Administrative law – Decisions of administrative tribunals – Consent and Capacity Board – Adult in need of protection – Capacity – Substitute decision maker – Judicial review – Compliance with legislation – Standard of review – Correctness – Costs
Saunders v. Bridgeport Hospital,  O.J. No. 5531, Ontario Court of Justice, December 14, 2005, N.J. Spies J.
The Appellant, a 78 year-old man, lived alone in an apartment for over 30 years until he sustained a fall on the floor in his living room where he remained for 6 to 8 days. He was finally able to call a neighbour and remained in a chair for 2 days, with his neighbour providing meals, until he agreed to attend at hospital. The Appellant, although not injured in the fall, was transferred to the Respondent Bridgepoint Hospital for rehabilitation where four health care practitioners individually and jointly made the decision he was not capable of making decision concerning admission to a care facility within the meaning of s.4(1) of the Health Care Consent Act. This finding was upheld by the Consent and Capacity Board (the “Board”). The Appellant appealed the Board’s decision.
The interpretation of s.4(1) of the HCCA was considered by the Supreme Court of Canada in Starson v. Swayze,  1 S.C.R. 722 in the context of consent to treatment and is applicable given the definition for incapacity applies with respect to admission to a care facility. Capacity involves two criteria: (1) the person must be able to understand the information that is relevant to making a treatment decision which requires the cognitive ability to process, retain and understand the information; and (2) a person must be able to appreciate the reasonably foreseeable consequences of a decision or lack thereof. (Note: Health care consent legislation in Ontario allows an involuntary patient to refuse treatment if the patient is found capable of making a treatment decision. Health care consent legislation in other provinces may differ.)

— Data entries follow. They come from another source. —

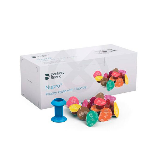 La pasta de profilaxis Nupro ofrece una amplia gama de sabores para adaptarse a las preferencias de los pacientes. Su fórmula patentada garantiza un rendimiento constante y sin salpicaduras. Es fácil de aclarar y ofrece excelentes resultados de eliminación de manchas y pulido. Las diferenctes opciones de grano están codificadas por colores. Sin gluten. Disponibles con flúor y sin flúor.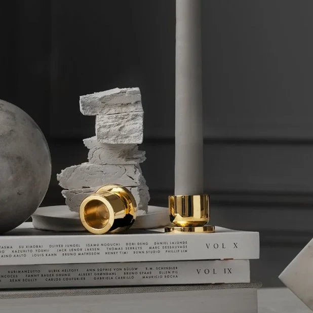 Ljusstake Bijou i polerad mässing, designad 2023 av Claesson Koivisto Rune. Minimalistisk och skulptural – liten som ett smycke men med stor närvaro.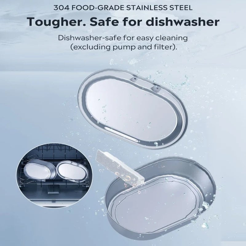 Our Cat Pet Water Fountain, crafted from 304 food-grade stainless steel, ensures long-lasting durability and superior hygiene. The sturdy construction keeps water uncontaminated and safe for your pet, while the dishwasher-safe design (excluding the pump and filter) makes cleaning effortless. With this best cat water fountain, maintaining a fresh and pure water source for your cat is simple and convenient.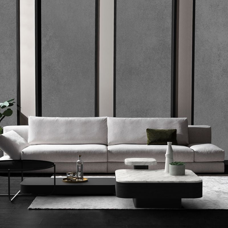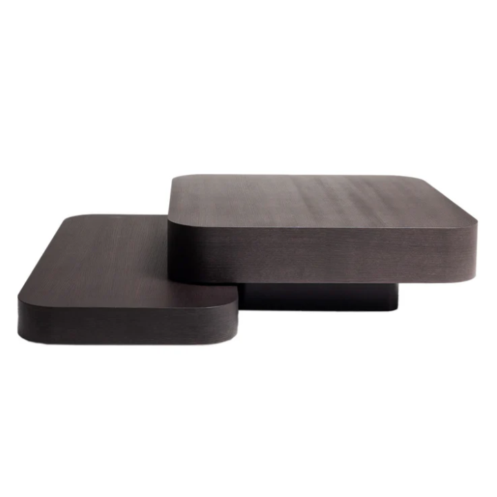 Squared volumes softened by generously rounded corners distinguish the bold look of this set of two accent tables. Perfect for complementing refined contemporary homes, it features a low rectangular table (120W x 60L x 13H cm) and a taller square table (90W x 90L x 32H cm), both fashioned of grey-stained oak and finished in an intense shade. The tables have detached frames allowing for separate displays. The square coffee table top is also available in different marbles.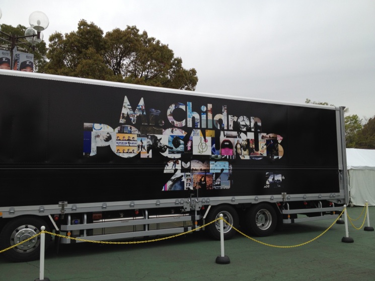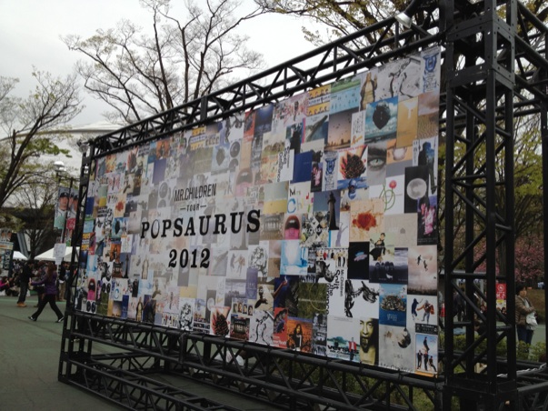 「そろそろ行くよ・・」 リビングで学校の課題に取り組み中の長女に声をかけ、家を出る。 主人の昼食は済んだ。午前中はプリクラ撮りに行く、と言って出かけた次女の昼食も用意した。長女と私は、ドームに着いてから食べるとして・・。あとは隣の実家に声をかけてから出かければOK。 「お願いしま〜す、行ってきま〜す!」 電車を何本か乗り継ぎ、途中、東武デパートでお弁当を買い、約二時間。ようやく西武ドームに到着した。今日は、季節が逆戻りしたかのように寒い。出がけに着るものに悩んだが、カーディガンでなくてよかった。 すごい! 駅からドームに向かう・・というよりももう、敷地の中に駅がある! という状態だ。改札から見て、ドームは左手。改札口の ほぼ正面には、ツアートラックと、大きな看板があった。皆、携帯やスマートフォンで撮影中。私たちもその中に混じり、写真を撮った。 それにしても・・すごい人だ! 横浜アリーナのときも、ツアートラック探して撮影したが、あの時は何だかのんびりしていたのに、今日の”ひしめきあいかた”と言ったら。 写真撮影の人混みをかきわけながら、当日券引換所へ行き、チケットと交換。スタンド1塁側Aブロック・・。1塁側入場口を探し、ゲートに並ぶと、やがて雨がポツポツと降り始め、開場時刻から数分遅れて入場が始まった。列は左手に流れてゆき、チケットを渡し、受け取り、ゲートをくぐる。すぐの右側に 「プレゼント受付」 というテントがあり、奥にいくつかプレゼントが置かれていた。あぁ、何か持って来ても良かったのかな、と思いながら進み、右カーブを上る。だいたいの座席の位置をチェック後、軽食を買い、着席した。 ここ、何人入るのかな?・・3万5千人? ドームといえば 東京ドームしか知らない私にとって、西武ドームでは、予想外だったことがある。 それは半屋外? 完全屋内ではなかったことである。屋根が完全に被っているのではなく、吹き抜けのようになっており、風が通るのだ。これは今の季節には寒い。夜になれば、もっと冷え込むであろう。 ステージセットに目をやると、恐竜の骨を模したセットが吊られていた。あばら骨のよう弓なりの白い骨に、あれは、頭? 頭のようなものが三つ。近くに照明器具も組み込まれている。スクリーンモニターは三箇所。ステージ中央からは、花道が出ていて、先端は、円い、小さなステージになっていた。 長女 「なんか、ヒマだねぇ〜〜」 お弁当を食べ終わるとそう言い、「いつもそうだよ、早く来て開演前に(席に人が埋まるのを見ながら) ボ〜っとしてる」 と答える。 アリーナに、三つ鉄塔があり、その高い塔を人が登っていった。照明スタッフだろうか。客席は少しづつ埋まって行き、開演時刻が迫る。 アナウンスが入り、照明が消え・・さあ、開演だ。 客席が一斉に拍手、立ち上がる。 一曲目は何? 「エソラ」 だった。 (エソラ) 桜井さん、濃いブルーのシャツとジャケット。ここからだと・・何メートルくらいだろう。目鼻は見えない。あらっ、ここから見ると桜井さん、ちょうど(照明の鉄塔の)枠の中に入っちゃうよ。 エソラ・・って何のことか考えてみたけど、皆は何だと思う? 何かの略かな? everyone , everyday , song , love ・・・. 皆、歌が大好き、愛してる。 空へ届け、空へ、空へ! ソラエ、ソラエソラエ・・エソラ?? わからないのもいい。わかったときもまたいい。そう思ってる。 (箒星) (youthful days) 桜井 「ミスターチルドレンです! え〜、今日は・・寒い、ですけど、心は あったかくしてください。 次の曲は、L、O、V、E です」 (LOVE) 最初の三曲がアップテンポだったのに対し、今度はバラードが続いた。 (GIFT) (Everything 〜It's you〜) Everything、私は、この曲でファンになったんだよ! 聴いたことはあったけれど、じっくり聴いたのは2000年。発売日からずっとあとのことだ。 桜井 「どーもありがとう!! え〜、僕らは、もう少しで20周年を迎えます。 (会場拍手) 僕のほうこそありがとう・・。 今日は、いろんな曲を 出し惜しみなく、やりたいと思います。 これー、この照明、日本で一番 照明の数が多いんだって! (それに)負けないように、イチバンの曲を歌いたいと思います。 至らないところはありますが・・ ・・みんなにも、あるでしょ? いたらないところ!(笑) え〜、次の曲はー、 ツアーでやったことは無いです。 何かのマチガイで、どっかの小さいホールでやったことがある、かな?? そして、二度とやらないと決めた曲です。 (でも) 機は熟した・・かな? 華やかな世界で働く女性の・・あぁ、男性でも・・その中間のかたでも(笑)、 ・・の、心の葛藤を歌った曲です」 あぁ、あれだ。 イントロが流れる。 (デルモ) (End of the day) 桜井 「この間・・ミュージックステーションに出たんですけど・・ 春うた特集、って言って・・でも、何でこの曲が春うたなんだろうって思いながら、 何か肩身が狭かったんですけど、 番組側も俺らが出るから気、つかってくれてん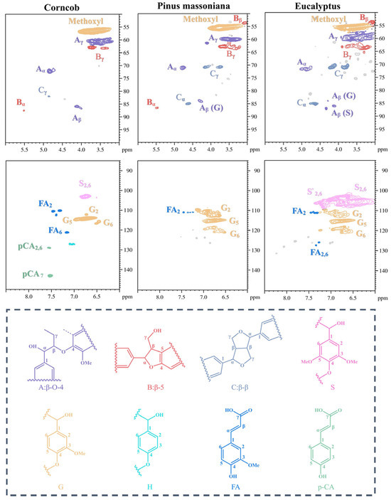 In the side chain regions of the three types of lignins, cross-signals of methoxy groups and representative inter-unit bonds are observed. These bonds include β-O-4 (A), β-β (B), and β-5 (C). They are quantitatively analyzed through regional integration (Table 1). Comparative analysis of inter-unit bonds shows that the β-O-4 bond content in CL is the highest. In contrast, the β-O-4 bond content in eucalyptus lignin is the lowest. Notably, CL has the lowest methoxy content due to the higher content of G and H units. Conversely, EL contains a large amount of S units, resulting in the highest methoxy content.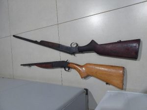 Na busca pessoal do primeiro indivíduo, foi encontrado em uma espingarda calibre .20 e 11 munições calibre .20. Com o Segundo indivíduo foi localizado uma espingarda sem numeração calibre. 36 e sete munições calibre .36, sendo que uma estava deflagrada e dois rádios de comunicação.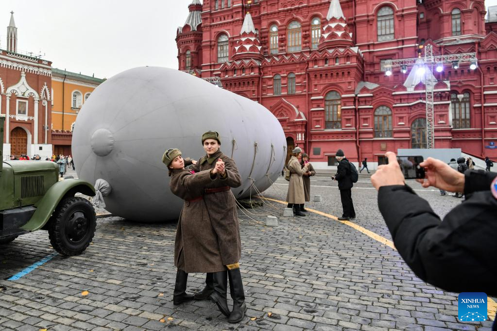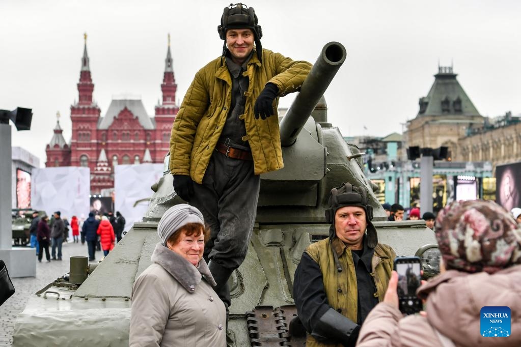 People pose for photos at an outdoor exhibition commemorating the military parade in 1941 at Red Square in Moscow, Russia, Nov. 7, 2022. (Xinhua/Cao Yang)
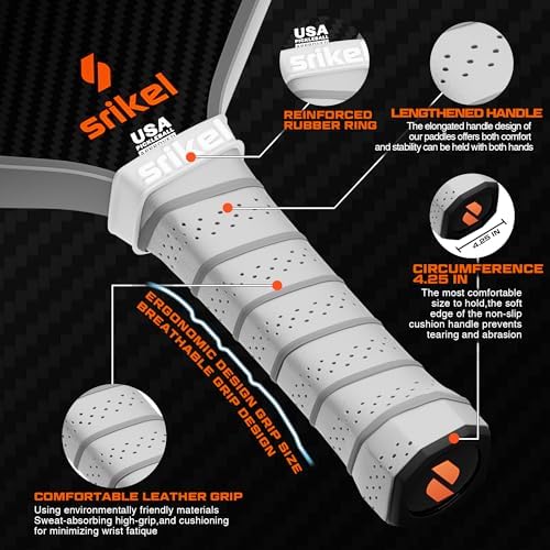 Our pickleball paddles feature a comfortable grip, measuring 4.25″ in circumference and 5.2″ in length. The handle is sweat-absorbing and impact-resistant, offering a secure hold during extended matches and minimizing fatigue.
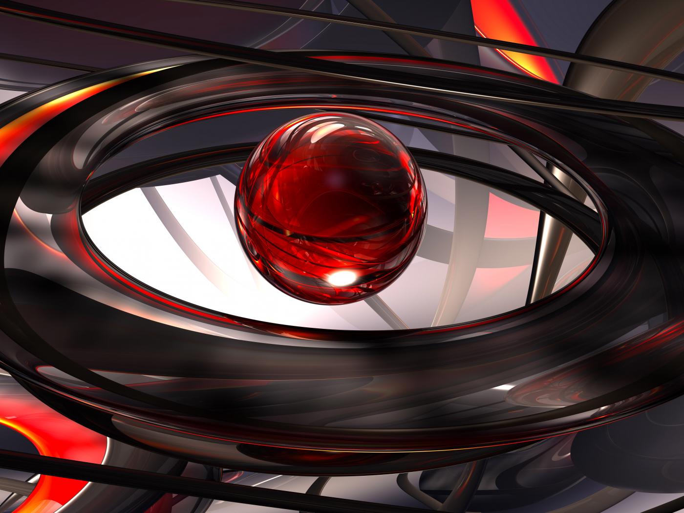 Wallpaper Red ball in black rings, 3D graphics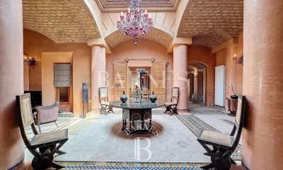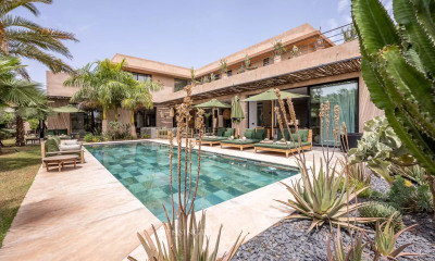 Située sur le prestigieux domaine d’Amelkis à Marrakech, cette villa contemporaine marie avec élégance modernité et inspiration ethnique, grâce à sa façade et ses murets en pierre sèche. Conçue sur un terrain de 1 800 m² en front de golf et développant 700 m² couvert, elle bénéficie d’un aménagement paysager signé par un architecte de renom et de prestations haut de gamme. Rez-de-chaussée • 3 suites indépendantes, chacune avec terrasse privative et jardin clos de murs en pierre sèche devant la salle de bain • 1 vaste suite parentale • Salon avec cheminée ouvert sur terrasse couverte • Salle à manger indépendante et cuisine équipée avec office • Piscine de 22 x 4 m avec pool house Étage (accessible par ascenseur) • 1 seconde suite parentale avec terrasse privative • Salon avec cheminée offrant une vue panoramique sur la piscine à débordement et le golf • Grande terrasse aménagée comprenant : • Bar • Piscine à débordement 10 x 6 m avec double fond en verre transparent (6 m), créant un effet spectaculaire et une vue unique sur le lac et le golf • Salon de plein air et espace transats pour profiter de la vue et du climat Sous-sol • Salle de cinéma (pouvant être aménagée en spa) au choix • 2 chambres pour le personnel • Buanderie, cellier et local technique • Très grande cour anglaise apportant lumière naturelle • Accès différencié : escalier extérieur réservé au personnel et ascenseur reliant les niveaux principaux pour les habitants Confort & équipements • Chauffage au sol • Climatisation gainable inverter par pièce • Deux piscines chauffées Piscine avec vue exceptionnelle sur l’Atlas et le golf Une villa rare à Marrakech, conjuguant design contemporain, authenticité de la pierre sèche, confort ultime et emplacement golfique privilégié, pensée comme une véritable résidence de prestige.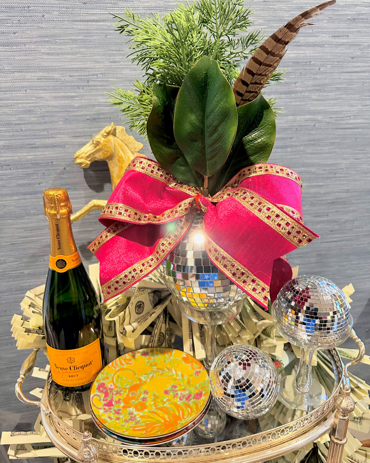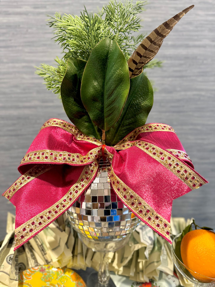 Mirrored 6” Disco ball with 2 magnolia sprigs cedar and pheasant feather with a luxe bejeweled pink dupion hand tied bow. All faux real touch greenery and authentic 10”-12” pheasant feather. 14”x6”x6” Shipping included.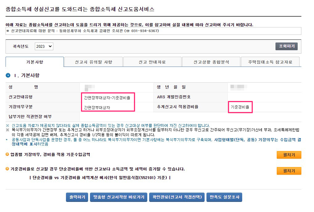 사업자 종합소득세 간편장부 셀프 신고 방법 기준경비율

The Board correctly stated in its reasons that the Appellant is presumed capable and the onus is on the evaluators, on a balance of probabilities, to establish otherwise. The Court also noted that the interpretation of a legal standard for capacity under s.4(1) of the HCCA is a question of law and the correctness standard applied.
The Court found that the Board erred in not properly considering the question of procedural fairness and whether or not the Appellant had been adequately informed about the capacity assessment process at all times.
As well, the Board erred by failing to inquire as to the Appellant’s reasons for failing to appreciate the risk of falling if he returned home and then drawing the inference that he was unable to appreciate the risk of going home from that fact. Similarly, the Board failed to apply the statutory test properly by failing to inquire into those reasons for the Appellant’s failure to appreciate the consequences. A finding of incapacity is justified only if those reasons demonstrate that the patient’s condition prevents him from having the ability to appreciate the foreseeable consequences of the decision. For these reasons, the Board’s decision was set aside and substituted with an Order that the Appellant is capable with respect to consenting to admission to a health care facility within s.4(1) of the HCCA.
Finally, the Court awarded costs in the amount of $24,914 to the Appellant. The HCCA leaves the assessment process for capacity to make admission decisions entirely up to the health care practitioners and the only remedy the patient has to challenge an incapacity finding is to seek a review of the decision. Even recognizing that this was not an adversarial process in the usual sense and that hospitals have limited resources, the Court saw no reason why the Appellant should not have his costs.